Start at the first line below and write out everything verbatim except the pictures.

+++ Given material

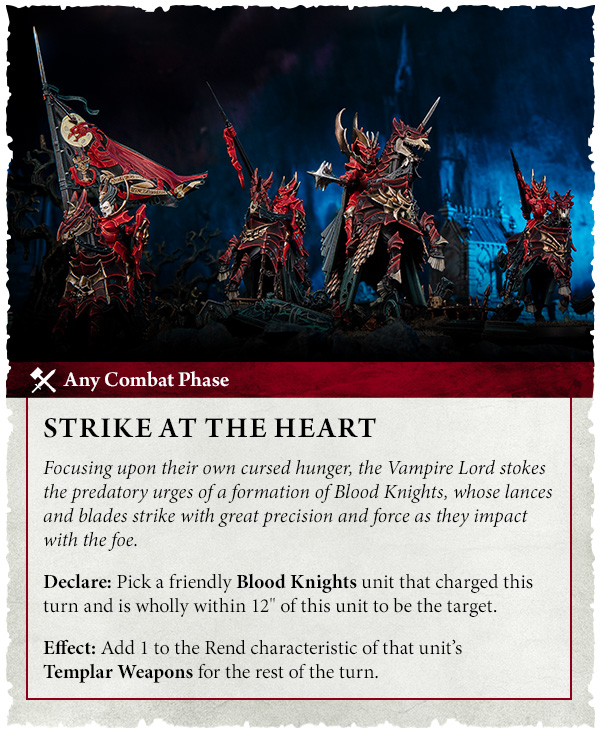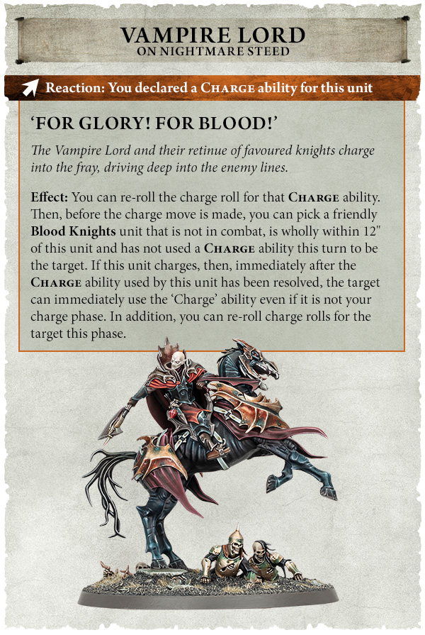 Si esa carga/contracarga doble te ha sabido a poco, una unidad de Caballeros Sangrientos que haya cargado este turno y esté completamente a 12″ del Señor Vampiro se beneficiará de un +1 Perforar, para que mandes al rival calentito a la cama.
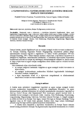 Filepné Kovács, Krisztina és Valánszki, István és Sallay, Ágnes és Jombach, Sándor (2013) A tájtervezés és a tájvédelem helyzete az európai országok területi tervezésében. TÁJÖKOLÓGIAI LAPOK / JOURNAL OF LANDSCAPE ECOLOGY, 11 (2). pp. 279-290. ISSN 1589-4673
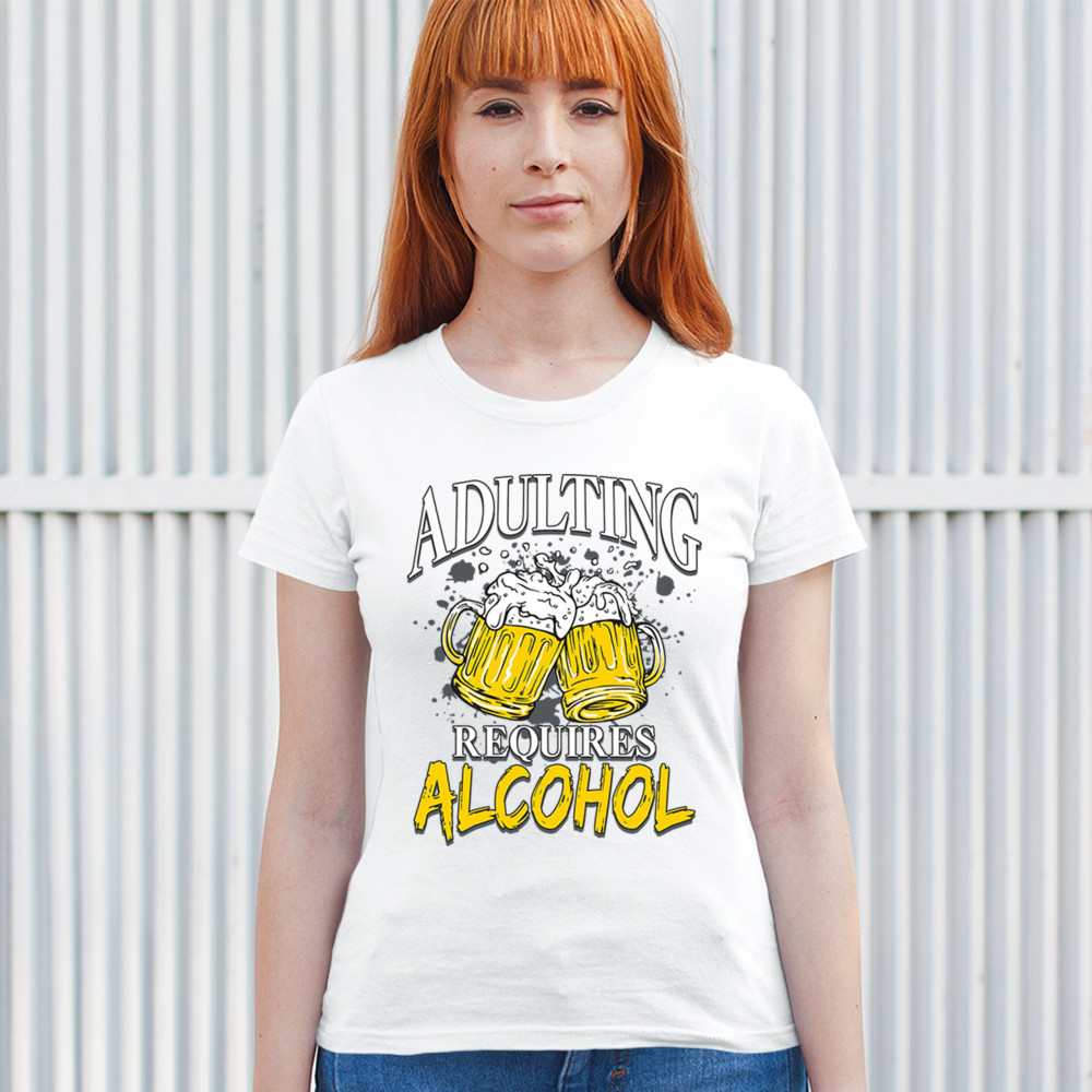 This bold design features two foamy beer mugs clinking together under the phrase “Adulting Requires Alcohol.†Perfect for sarcastic beer lovers, party animals, and anyone navigating grown-up life with booze in hand. Ideal for bars, weekends, or just surviving Mondays with humor and hops.

++++++

**Answer box:**
 Si esa carga/contracarga doble te ha sabido a poco, una unidad de Caballeros Sangrientos que haya cargado este turno y esté completamente a 12″ del Señor Vampiro se beneficiará de un +1 Perforar, para que mandes al rival calentito a la cama.
 Filepné Kovács, Krisztina és Valánszki, István és Sallay, Ágnes és Jombach, Sándor (2013) A tájtervezés és a tájvédelem helyzete az európai országok területi tervezésében. TÁJÖKOLÓGIAI LAPOK / JOURNAL OF LANDSCAPE ECOLOGY, 11 (2). pp. 279-290. ISSN 1589-4673
 This bold design features two foamy beer mugs clinking together under the phrase “Adulting Requires Alcohol.†Perfect for sarcastic beer lovers, party animals, and anyone navigating grown-up life with booze in hand. Ideal for bars, weekends, or just surviving Mondays with humor and hops.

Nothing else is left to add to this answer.